Look below for the line that has "Le sous-menu Set"; output exactly from it through the line that has "4193 | 20 €", and leave the pictures out.

> Provided information:

########################################

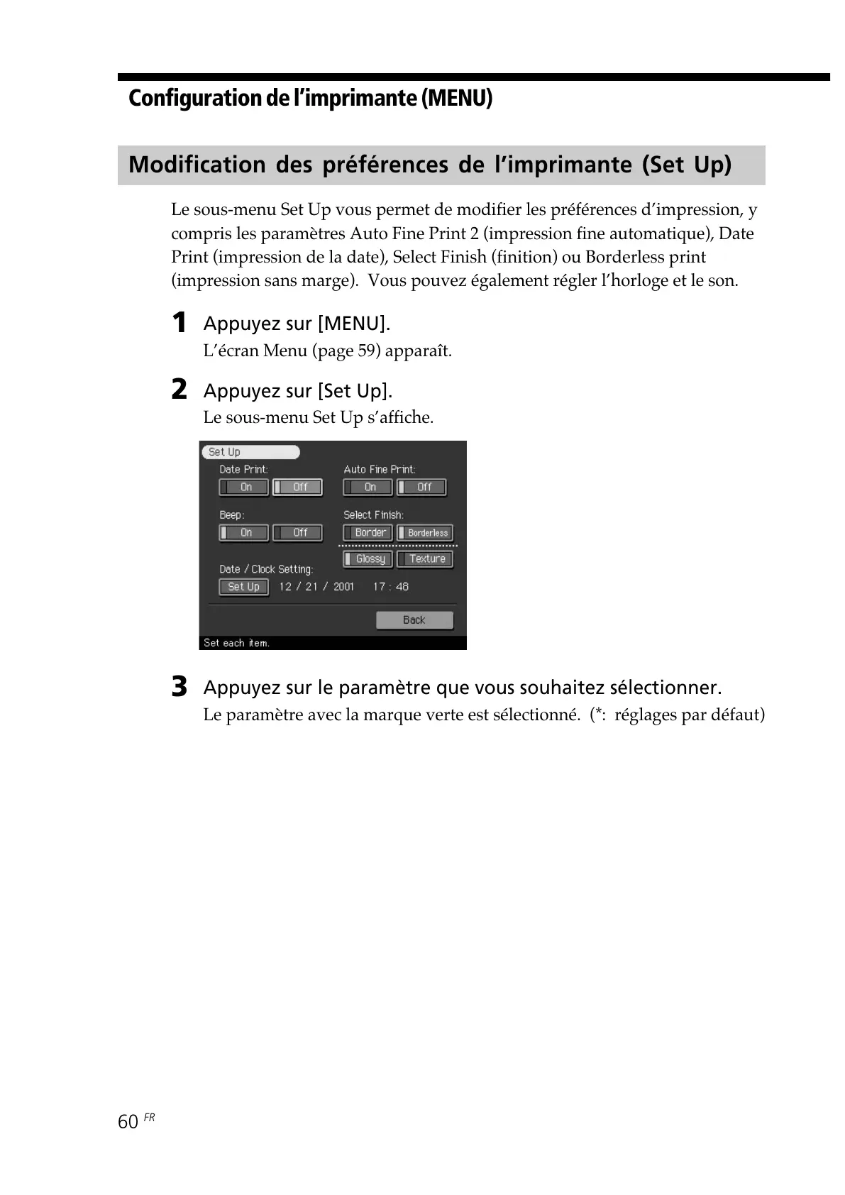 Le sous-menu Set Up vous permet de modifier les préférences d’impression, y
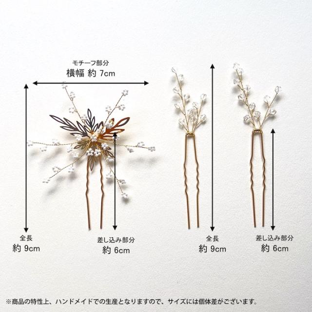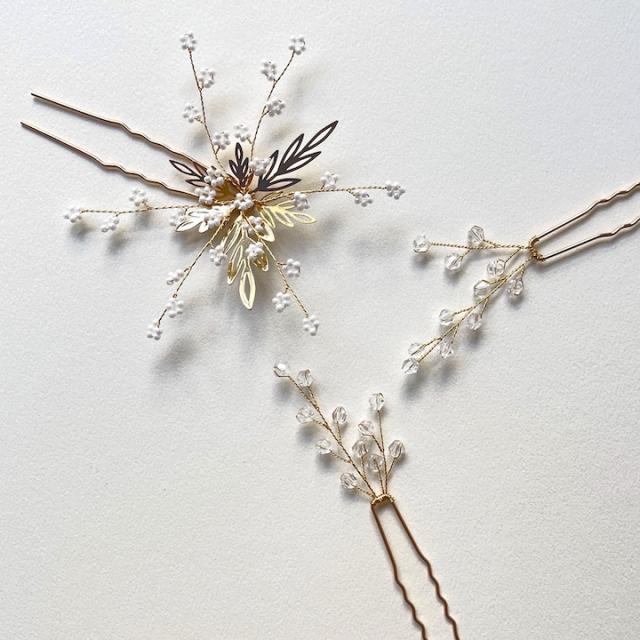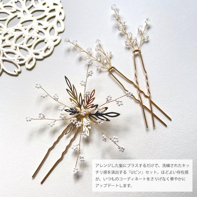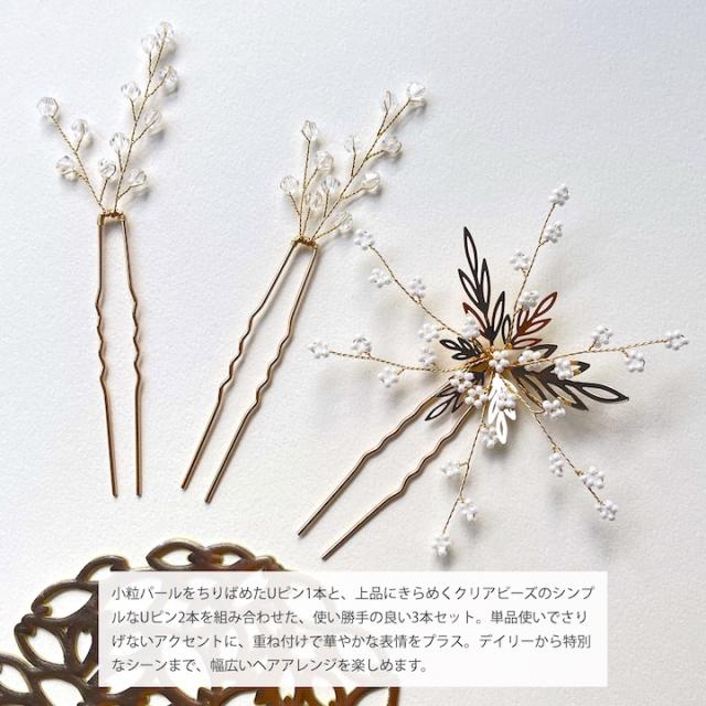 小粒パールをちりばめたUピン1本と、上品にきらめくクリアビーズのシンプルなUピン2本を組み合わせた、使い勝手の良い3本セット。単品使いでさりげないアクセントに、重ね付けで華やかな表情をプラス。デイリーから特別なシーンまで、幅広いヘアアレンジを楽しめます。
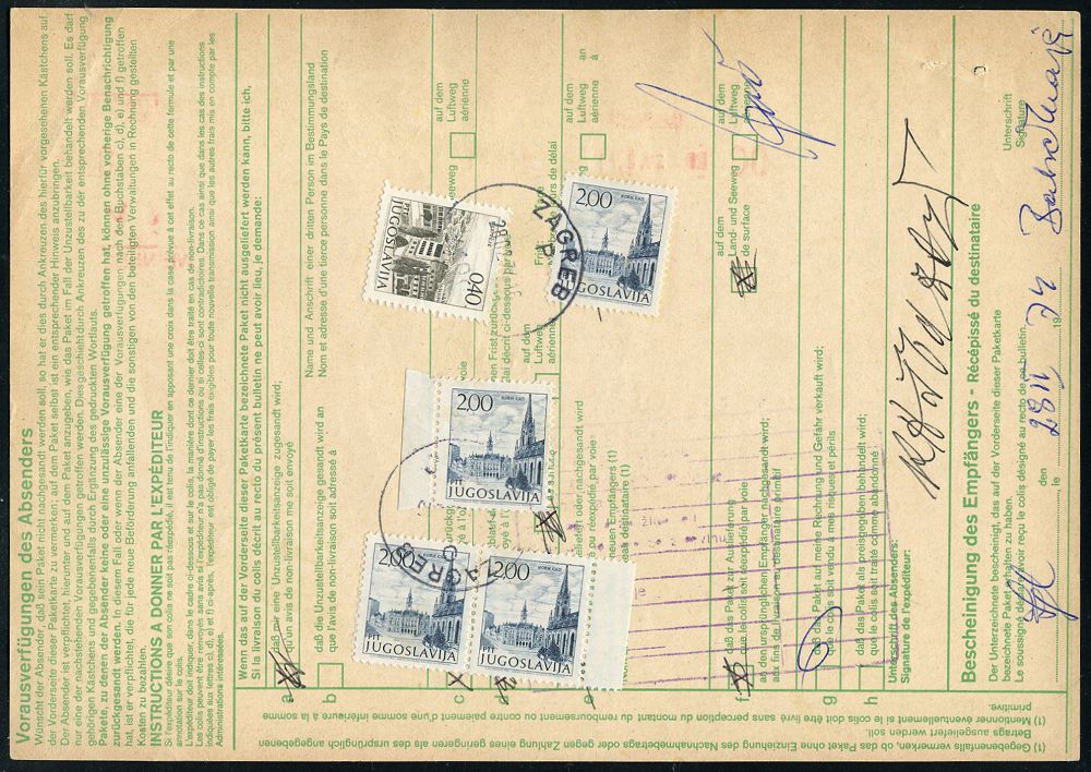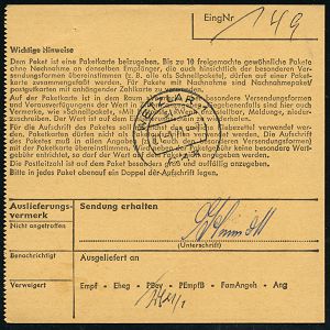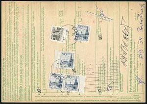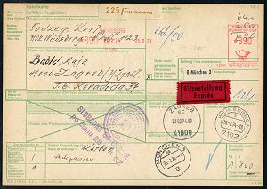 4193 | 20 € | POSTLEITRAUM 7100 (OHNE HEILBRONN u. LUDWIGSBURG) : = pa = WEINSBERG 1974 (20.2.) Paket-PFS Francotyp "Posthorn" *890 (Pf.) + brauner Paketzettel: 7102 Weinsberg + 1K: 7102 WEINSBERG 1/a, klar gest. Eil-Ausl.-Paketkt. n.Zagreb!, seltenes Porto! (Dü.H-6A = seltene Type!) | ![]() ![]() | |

########################################

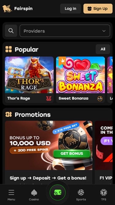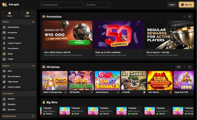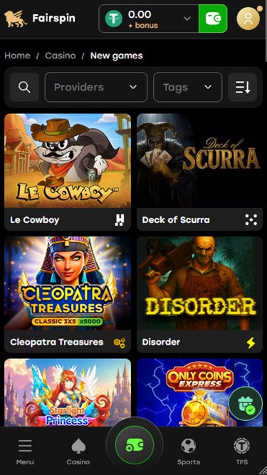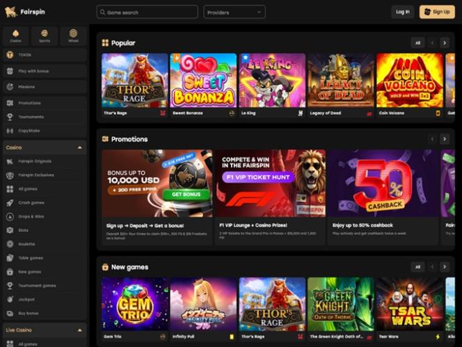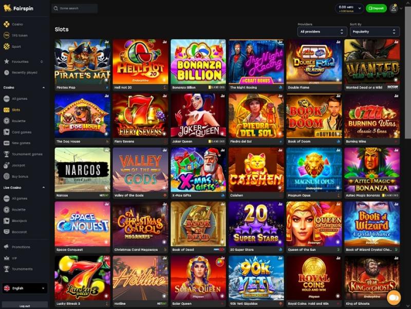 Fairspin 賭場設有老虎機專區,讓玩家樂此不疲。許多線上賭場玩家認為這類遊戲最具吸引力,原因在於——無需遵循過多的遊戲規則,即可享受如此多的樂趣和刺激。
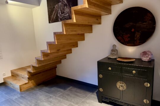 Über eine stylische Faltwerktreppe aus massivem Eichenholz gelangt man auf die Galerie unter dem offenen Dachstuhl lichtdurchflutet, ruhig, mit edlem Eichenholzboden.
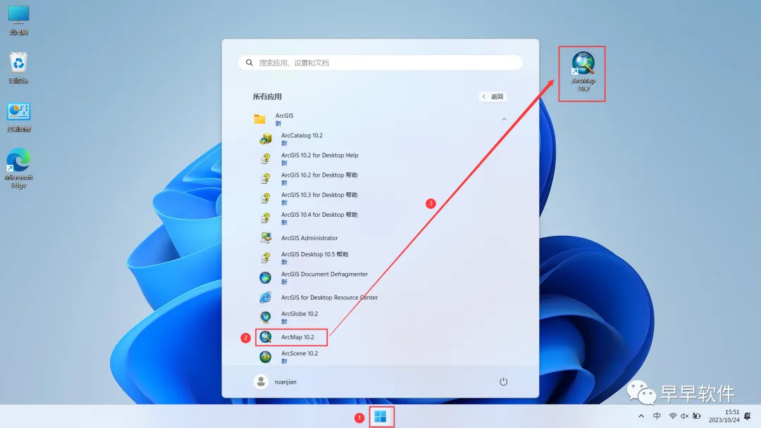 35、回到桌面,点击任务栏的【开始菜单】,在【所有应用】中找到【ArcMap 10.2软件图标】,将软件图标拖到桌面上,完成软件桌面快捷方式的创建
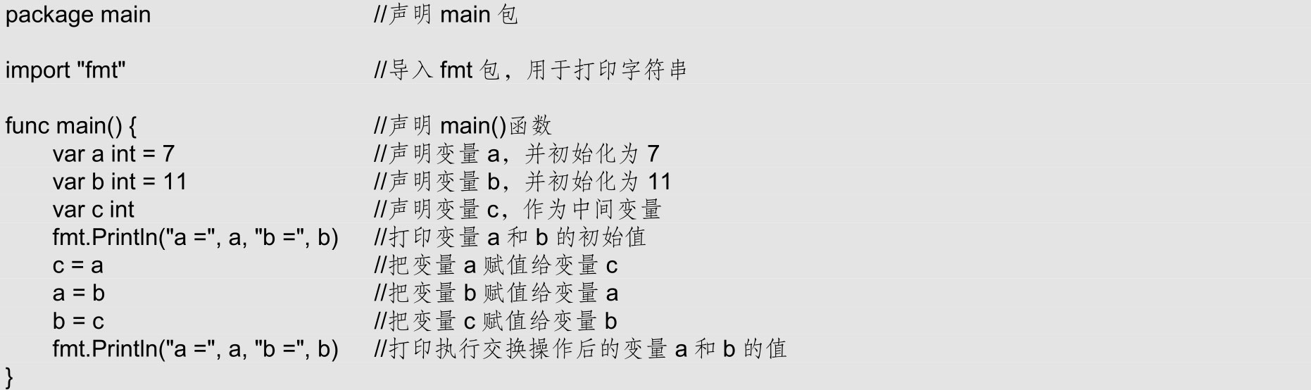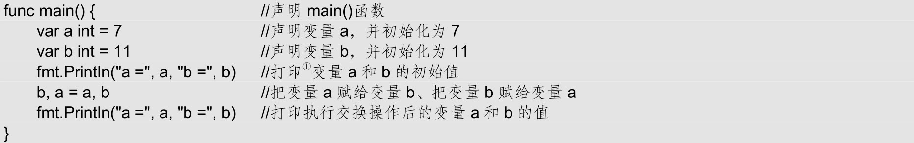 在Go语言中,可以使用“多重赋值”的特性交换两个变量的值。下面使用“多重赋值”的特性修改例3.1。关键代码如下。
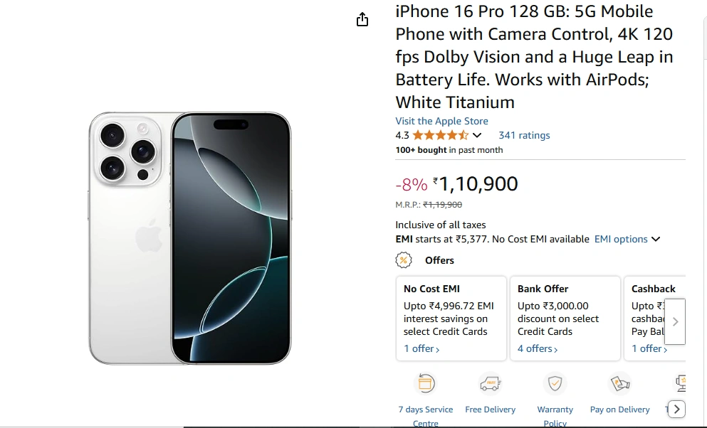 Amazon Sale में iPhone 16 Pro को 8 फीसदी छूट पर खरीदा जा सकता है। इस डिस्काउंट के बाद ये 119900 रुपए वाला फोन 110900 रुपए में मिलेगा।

########################################

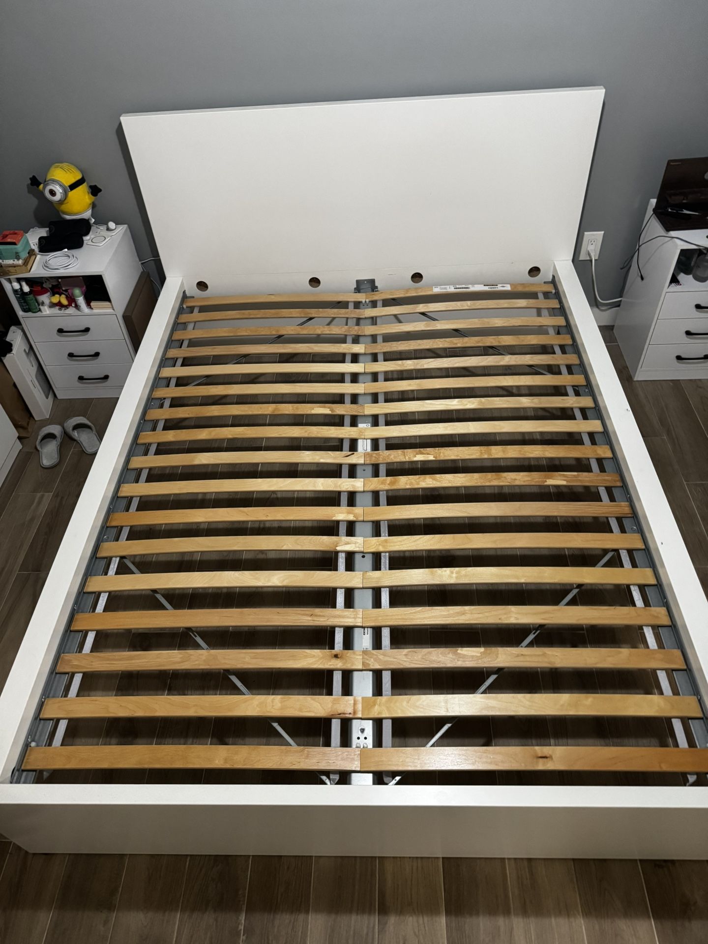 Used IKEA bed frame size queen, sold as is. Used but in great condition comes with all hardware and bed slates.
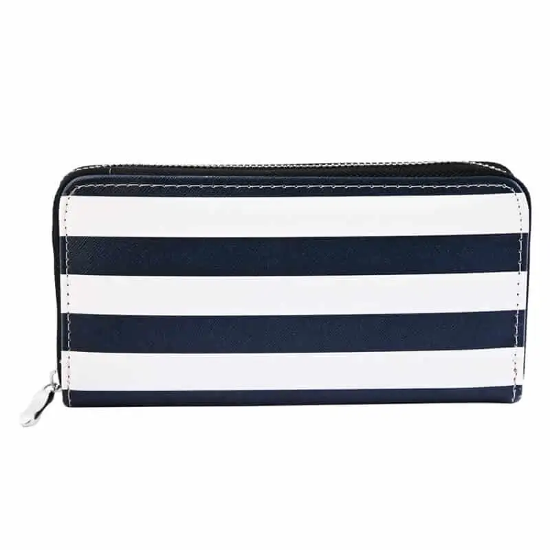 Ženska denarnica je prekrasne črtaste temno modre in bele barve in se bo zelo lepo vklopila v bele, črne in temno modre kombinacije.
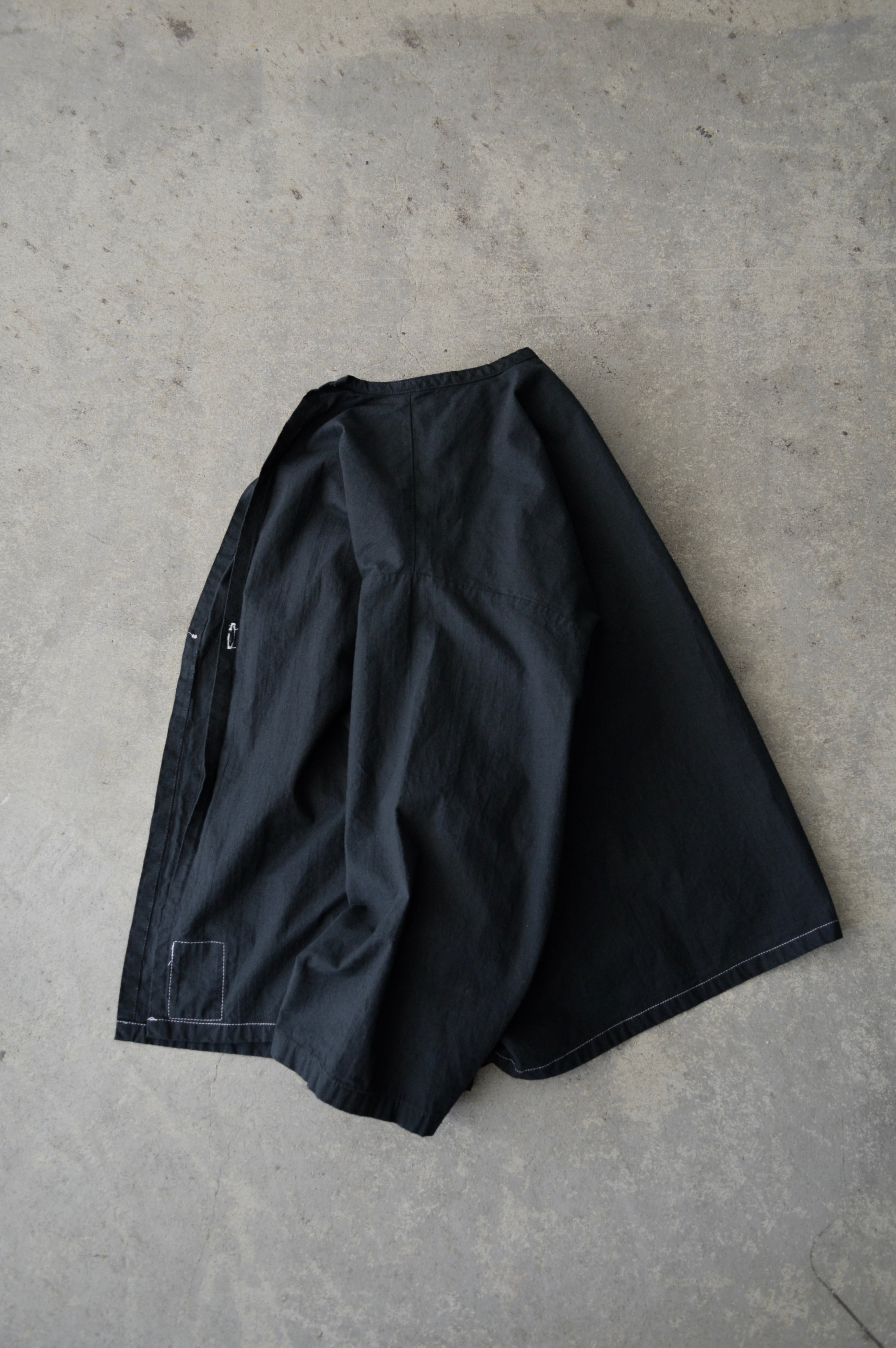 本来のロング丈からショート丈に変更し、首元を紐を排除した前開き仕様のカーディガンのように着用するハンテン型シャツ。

########################################

> Output of the task:
 Le sous-menu Set Up vous permet de modifier les préférences d’impression, y
 小粒パールをちりばめたUピン1本と、上品にきらめくクリアビーズのシンプルなUピン2本を組み合わせた、使い勝手の良い3本セット。単品使いでさりげないアクセントに、重ね付けで華やかな表情をプラス。デイリーから特別なシーンまで、幅広いヘアアレンジを楽しめます。
 4193 | 20 € | POSTLEITRAUM 7100 (OHNE HEILBRONN u. LUDWIGSBURG) : = pa = WEINSBERG 1974 (20.2.) Paket-PFS Francotyp "Posthorn" *890 (Pf.) + brauner Paketzettel: 7102 Weinsberg + 1K: 7102 WEINSBERG 1/a, klar gest. Eil-Ausl.-Paketkt. n.Zagreb!, seltenes Porto! (Dü.H-6A = seltene Type!) | ![]() ![]() | |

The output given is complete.